The deferral of the dissolution can only be by order deferring the event until a specific date.  If before that time the liquidator thought that the plaintiffs were not giving a sufficient indemnity or were not attending to the application to recover the surplus assets with proper diligence, he could come back to the Court for the appropriate direction which might, in turn, result in an order being made bringing about the immediate dissolution of the company.  At this stage those are matters of conjecture but I mention them because I think they are necessary matters to bear in mind when considering whether or not to exercise the discretion to defer the dissolution.

In the exercise of the discretion conferred by s509(6), I also take into account the position of the liquidator in relation to the District Court proceedings. If the dissolution is deferred, the applicants will be able to continue with the District Court proceedings. The liquidator will need to decide whether he is able, and if so whether he should, defend those proceedings. If he has no funds to cover the cost of carrying out the appropriate investigations and (if applicable) defending the proceedings, his duty ceases with a request for funding to any persons who have an interest in defending the District Court proceedings if such a request is not met. Consequently, I do not consider that the position of the liquidator, in the event of an order for the deferral of the dissolution, detracts from the making of such an order.

For the above reasons, because I consider that there is an arguable possibility of the company being able to recover the surplus assets, and because I also consider that the plaintiffs can be kept to their intentions with regard to the liquidator making an application to recover those assets and indemnifying the liquidator accordingly, it is appropriate to defer the dissolution for a period of time to enable the proceedings in the District Court to be continued against the company.

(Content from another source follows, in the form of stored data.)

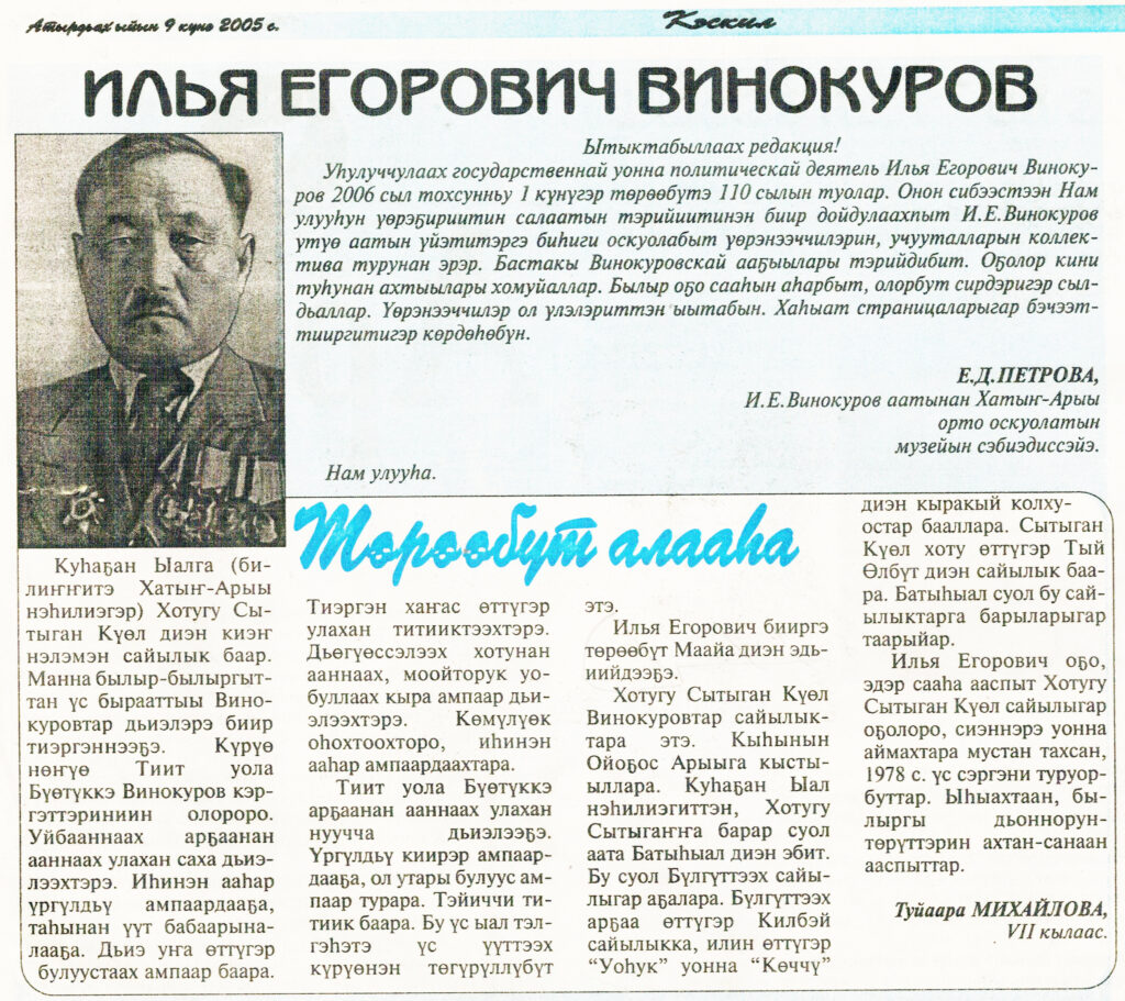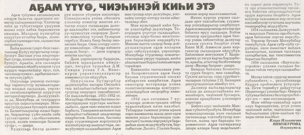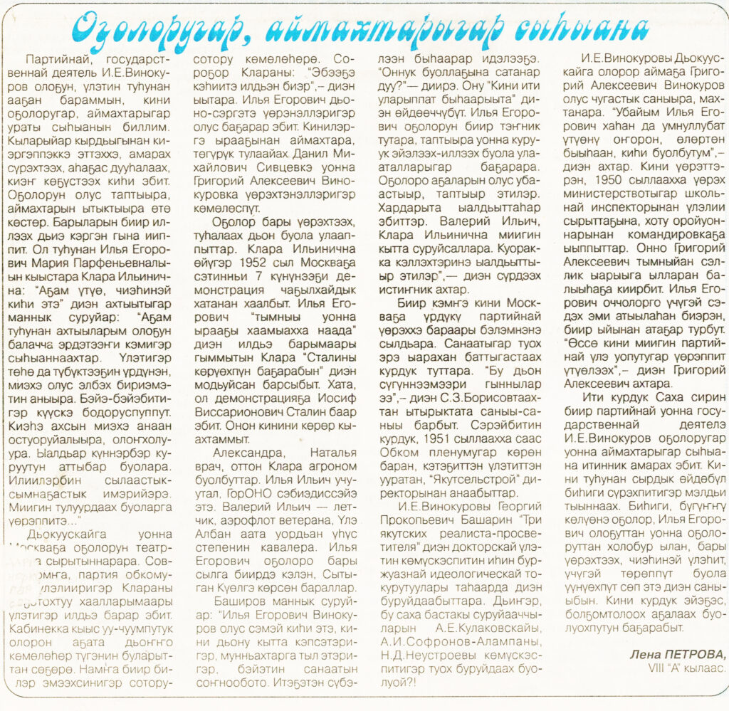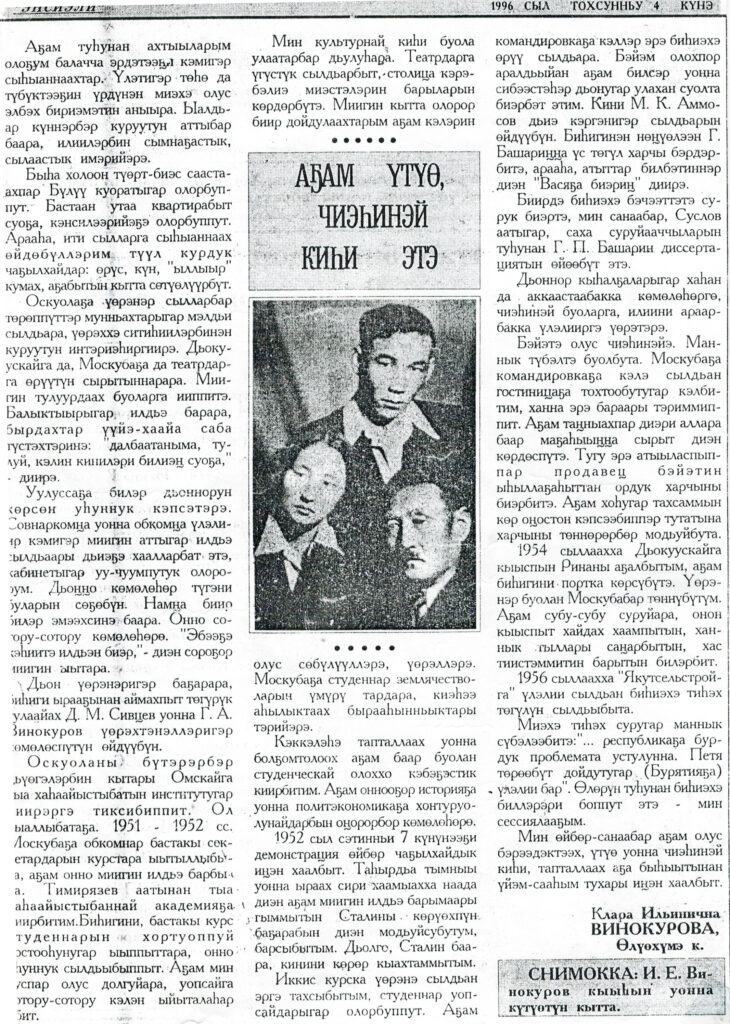 Винокурова, К. И. Аҕам үтүө, чиэһинэй киһи этэ / К. И. Винокурова // Энсиэли. — 1996. — Тохсунньу 4к
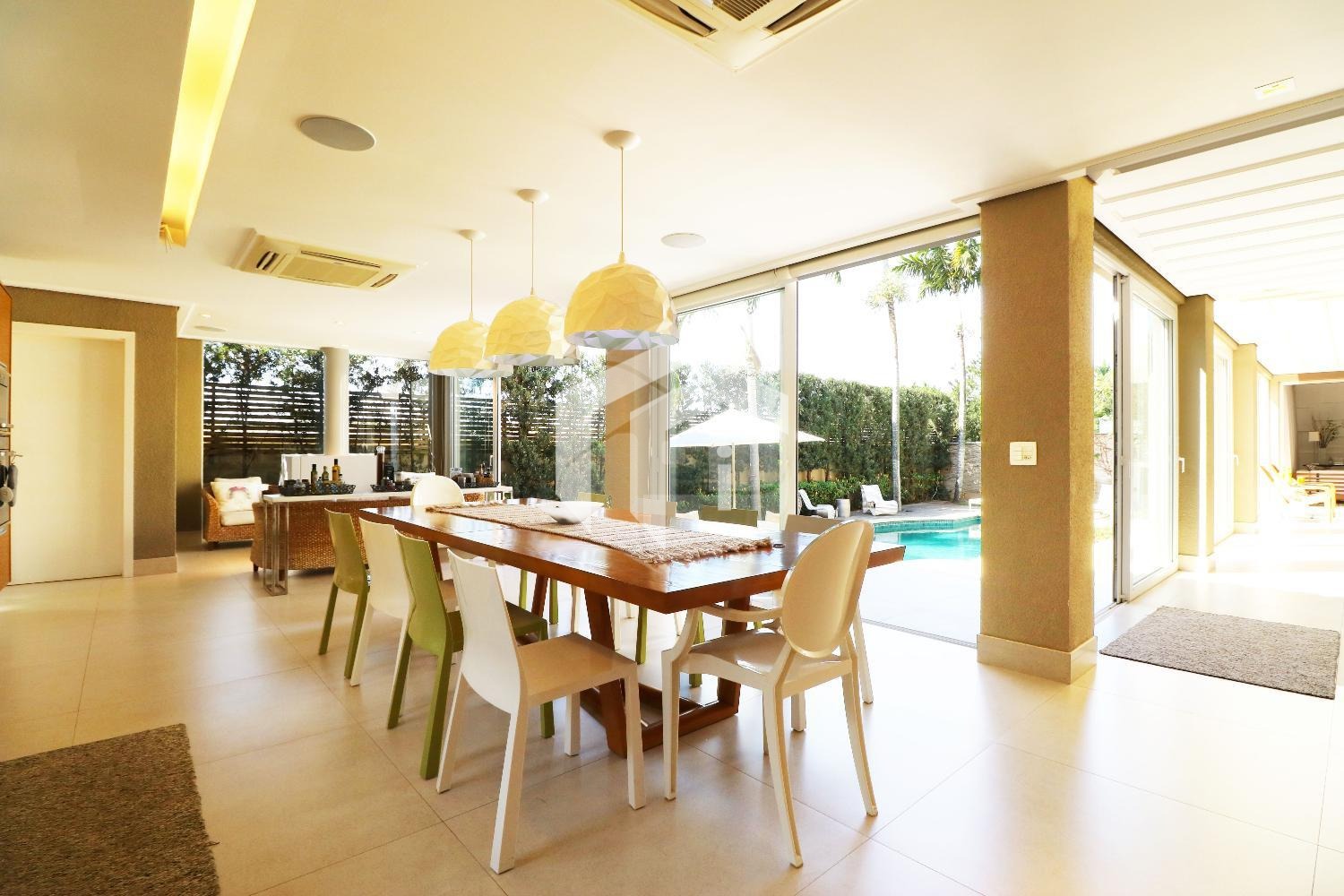 Living para 4 ambientes como home theater, tudo integrado ao espaço gourmet e piscina, proposta incrível para bons momentos em família e com amigos.
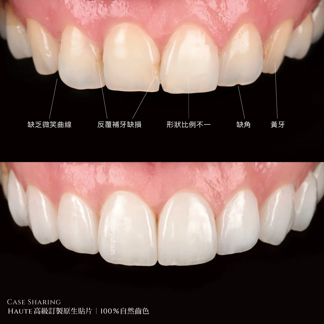 患者在貼片治療前有齒黃、牙齒染色不均的問題,甚至因反覆填補治療而造成齒面不平整。在治療後獲得全新亮白又透光的擬真齒色,
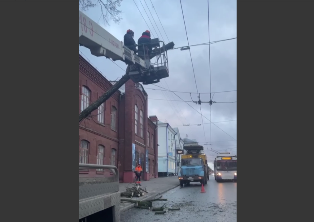 В Кирове убирают упавшие из-за сильного ветра деревья
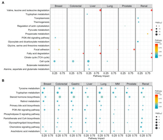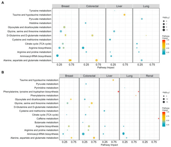 Pathway analysis plot showing the impact on metabolic pathways that are significantly enriched (padj < 0.05) and have a pathway impact score > 0.1 per cancer type. Datapoints are colored according to their impact score. (A) Pathway impact according to differentially abundant metabolites (padj < 0.05); (B) pathway impact according to differentially connected metabolites (Benjamini-Hochberg adjusted p-value padj < 005).
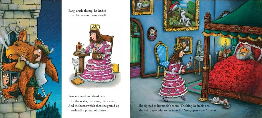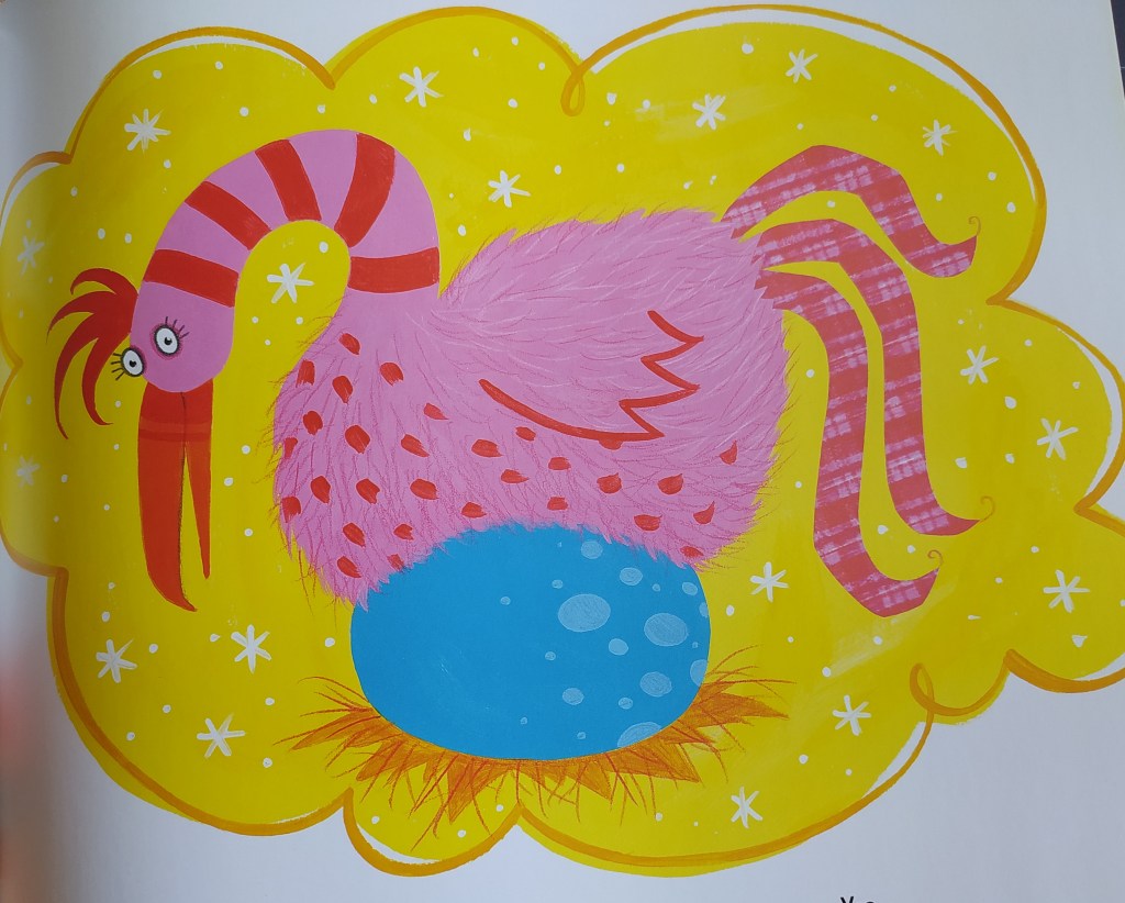 Обичам тази книга, защото в нея има една розовопера гушка, която снася гигантски яйца и мърка като котка и това ми е много смешно.

A judgment must be made in due course as to when any action would be taken to seek to recover the surplus assets.  It would make sense to defer such an application until after completion of the District Court proceedings because, if the plaintiffs in the District Court proceedings are unsuccessful against the company, there will be no need to take action to recover the surplus assets.  However, assuming that the liquidator was adequately funded, a decision to await the outcome of the District Court proceedings could only be made if there is no possibility of the proposed claim by the company or liquidator to recover the surplus assets being defeated by reason of laches or by reason of the provisions of any applicable statute of limitation.

The plaintiff should bring in Minutes of Order.  There will be liberty to speak to the Minutes.